BEGIN RECORDS
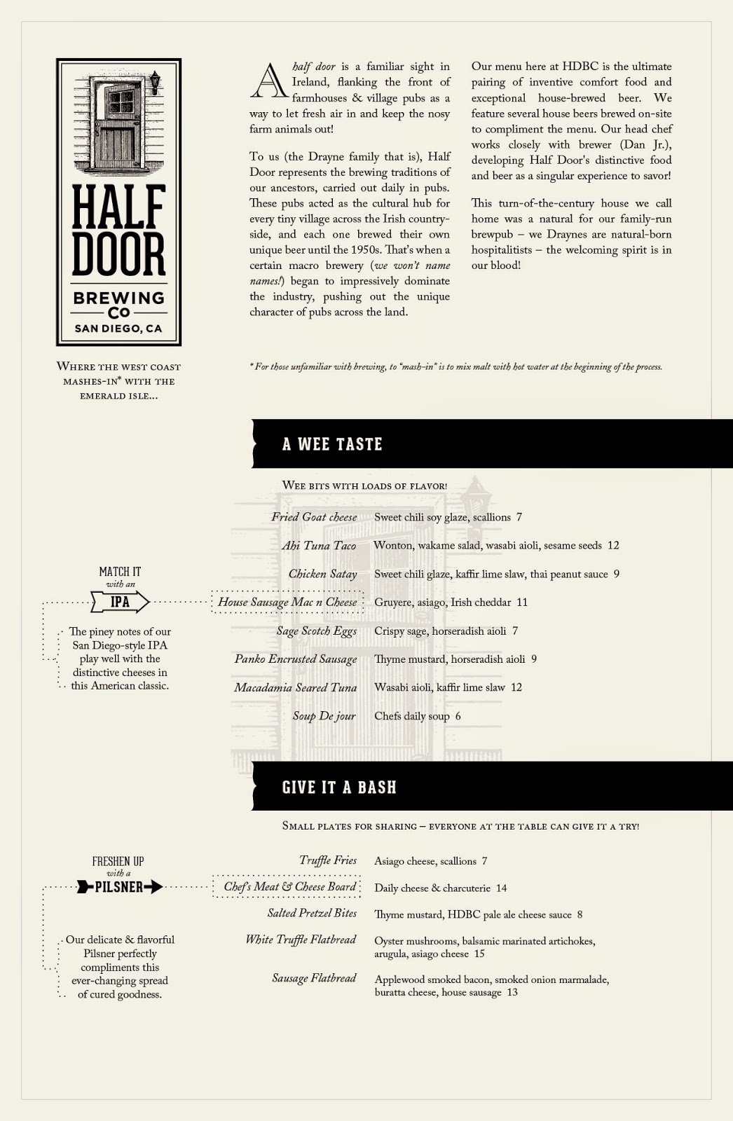 A half door is a familiar sight in Ireland, flanking the front of farmhouses & village pubs as a way to let fresh air in and keep the nosy farm animals out, the inspiration behind the name Half Door Brewing. To the Drayne family, owners of Half Door, as well as The Field Irish Pub in the Gaslamp, the name represents the brewing traditions of their ancestors, as carried out daily in pubs around Ireland. These pubs acted as the cultural hub for every tiny village across the Irish countryside, and each one brewed their own unique beer until the 1950s. Daniel Drayne, Jr., is Half Door's co-owner and head brewer.
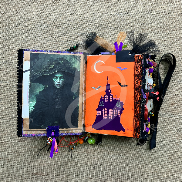- Páginas coloridas, enfeitadas com caveiras, fantasmas, retratos de bruxas, imagens de Halloween, bolsos, envelopes, carimbos....um mundo maravilhoso de enfeites!
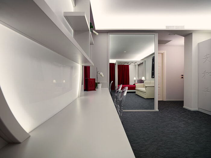 Pitta Suite – consisting of fire and water, is the dosha related to processing, digestion understood both physically and mental. The room is dominated by the red fire graphic. The verticality of the flame is counterbalanced by a particular piece of aluminum that goes out from the wall to “stick” in red glass table supporting the TV in the middle of the suite.
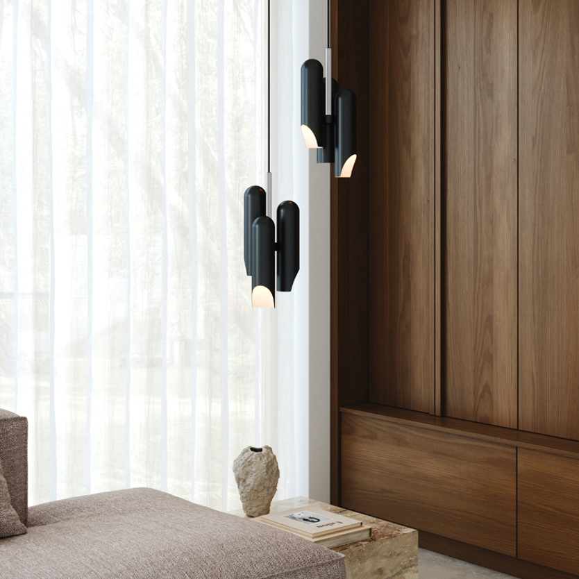 Product Code: 6N2320283003 Light source: 3 x GU10 8W LED (max) | Not Incl. Materials: Metal, Plastic Dimensions: Ø 207mm x H 440mm | 3000mm Fabric Cable Suspension Brand: Nordlux The Rochelle series by Danish designer Charlotte Høncke has a modern Italian design language with three slender, sculptural lamp heads. Cool and almost masculine chrome details add a beautiful contrast to the matte black surface. Dimmable with compatible globes. Rated IP20 suitable for indoor use. Designed by Charlotte Høncke for Nordlux Denmark. For trade enquiries, please contact us below. RELATED ITEMS
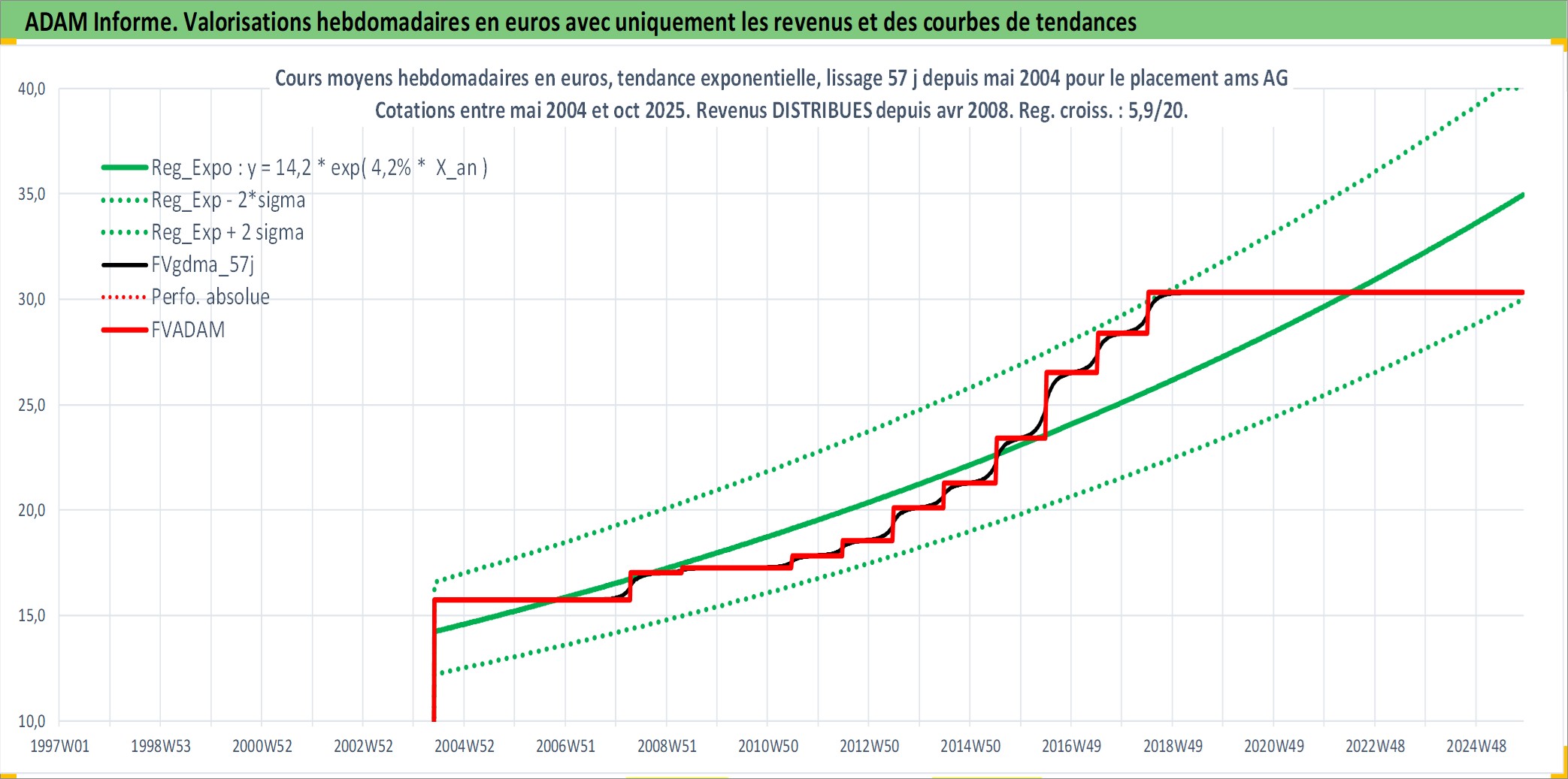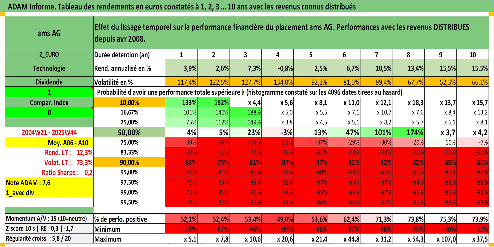 Site dédié aux investisseursPage dédiée sur site financeAnalyse des valorisations hebdomadaires de l'action ams AG. Cet actif est cote en CHF. Les valorisations sont en contrevaleur EURO et couvrent les semaines 2004W21 a 2025W44. Les revenus de cet actif financier sont pris en compte depuis la semaine 2008W14. La note ESG de cet actif n'est pas connue.
END RECORDS
TASK:
All of the records above are to be copied exactly, minus the pictures.

TASK RESPONSE:
 A half door is a familiar sight in Ireland, flanking the front of farmhouses & village pubs as a way to let fresh air in and keep the nosy farm animals out, the inspiration behind the name Half Door Brewing. To the Drayne family, owners of Half Door, as well as The Field Irish Pub in the Gaslamp, the name represents the brewing traditions of their ancestors, as carried out daily in pubs around Ireland. These pubs acted as the cultural hub for every tiny village across the Irish countryside, and each one brewed their own unique beer until the 1950s. Daniel Drayne, Jr., is Half Door's co-owner and head brewer.
- Páginas coloridas, enfeitadas com caveiras, fantasmas, retratos de bruxas, imagens de Halloween, bolsos, envelopes, carimbos....um mundo maravilhoso de enfeites!
 Pitta Suite – consisting of fire and water, is the dosha related to processing, digestion understood both physically and mental. The room is dominated by the red fire graphic. The verticality of the flame is counterbalanced by a particular piece of aluminum that goes out from the wall to “stick” in red glass table supporting the TV in the middle of the suite.
 Product Code: 6N2320283003 Light source: 3 x GU10 8W LED (max) | Not Incl. Materials: Metal, Plastic Dimensions: Ø 207mm x H 440mm | 3000mm Fabric Cable Suspension Brand: Nordlux The Rochelle series by Danish designer Charlotte Høncke has a modern Italian design language with three slender, sculptural lamp heads. Cool and almost masculine chrome details add a beautiful contrast to the matte black surface. Dimmable with compatible globes. Rated IP20 suitable for indoor use. Designed by Charlotte Høncke for Nordlux Denmark. For trade enquiries, please contact us below. RELATED ITEMS
 Site dédié aux investisseursPage dédiée sur site financeAnalyse des valorisations hebdomadaires de l'action ams AG. Cet actif est cote en CHF. Les valorisations sont en contrevaleur EURO et couvrent les semaines 2004W21 a 2025W44. Les revenus de cet actif financier sont pris en compte depuis la semaine 2008W14. La note ESG de cet actif n'est pas connue.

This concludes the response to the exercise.